==== RECORDS SHOWN ====

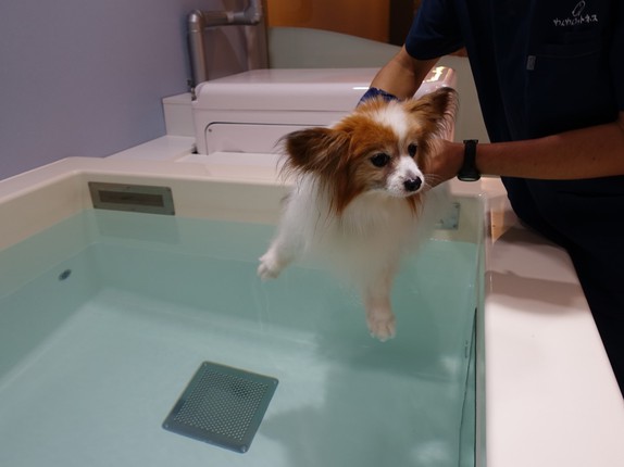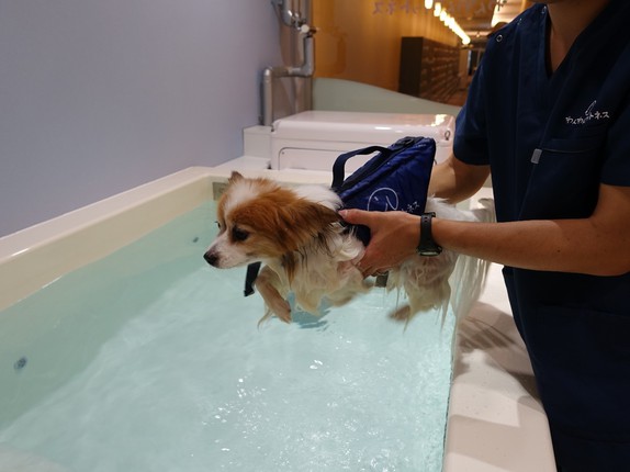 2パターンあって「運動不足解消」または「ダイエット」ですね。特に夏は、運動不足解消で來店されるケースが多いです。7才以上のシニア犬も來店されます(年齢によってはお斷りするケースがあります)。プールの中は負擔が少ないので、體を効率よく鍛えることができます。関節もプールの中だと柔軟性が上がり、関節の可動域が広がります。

====
==== RECORDS SHOWN ====

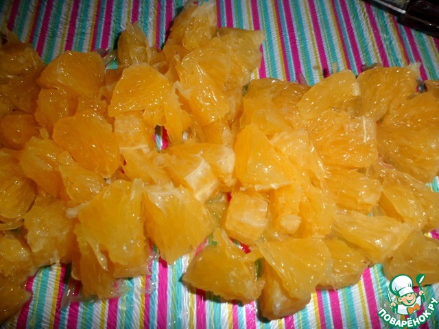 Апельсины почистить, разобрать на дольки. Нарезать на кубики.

====
==== RECORDS SHOWN ====

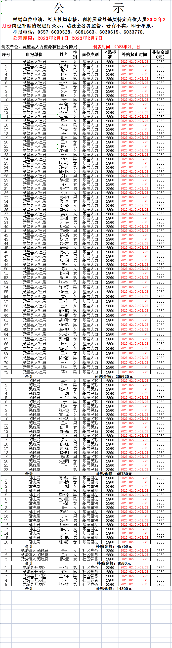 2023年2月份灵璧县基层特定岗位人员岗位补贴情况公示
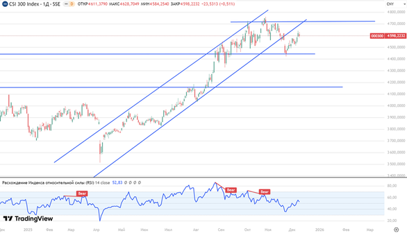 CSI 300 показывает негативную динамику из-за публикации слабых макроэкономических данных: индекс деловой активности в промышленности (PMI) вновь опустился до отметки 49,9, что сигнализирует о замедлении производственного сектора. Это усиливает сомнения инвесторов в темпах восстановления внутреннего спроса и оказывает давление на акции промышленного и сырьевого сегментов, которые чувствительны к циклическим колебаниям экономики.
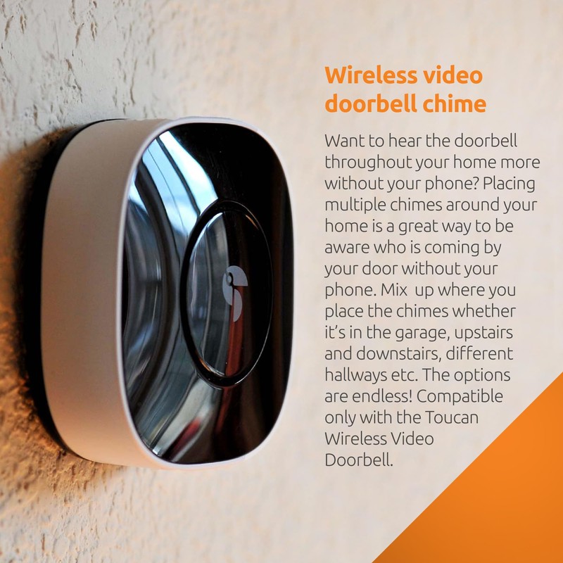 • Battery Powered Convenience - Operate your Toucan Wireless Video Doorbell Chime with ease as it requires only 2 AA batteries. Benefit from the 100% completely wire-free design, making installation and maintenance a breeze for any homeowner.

====

What you write must match the listing exactly, from the line with "2023年2月份灵璧县基层特定岗位人员岗位补贴情况公示" up to and including the line with "for any homeowner.". Pictures stay out.

### EXERCISE SOLUTION
 2023年2月份灵璧县基层特定岗位人员岗位补贴情况公示
 CSI 300 показывает негативную динамику из-за публикации слабых макроэкономических данных: индекс деловой активности в промышленности (PMI) вновь опустился до отметки 49,9, что сигнализирует о замедлении производственного сектора. Это усиливает сомнения инвесторов в темпах восстановления внутреннего спроса и оказывает давление на акции промышленного и сырьевого сегментов, которые чувствительны к циклическим колебаниям экономики.
 • Battery Powered Convenience - Operate your Toucan Wireless Video Doorbell Chime with ease as it requires only 2 AA batteries. Benefit from the 100% completely wire-free design, making installation and maintenance a breeze for any homeowner.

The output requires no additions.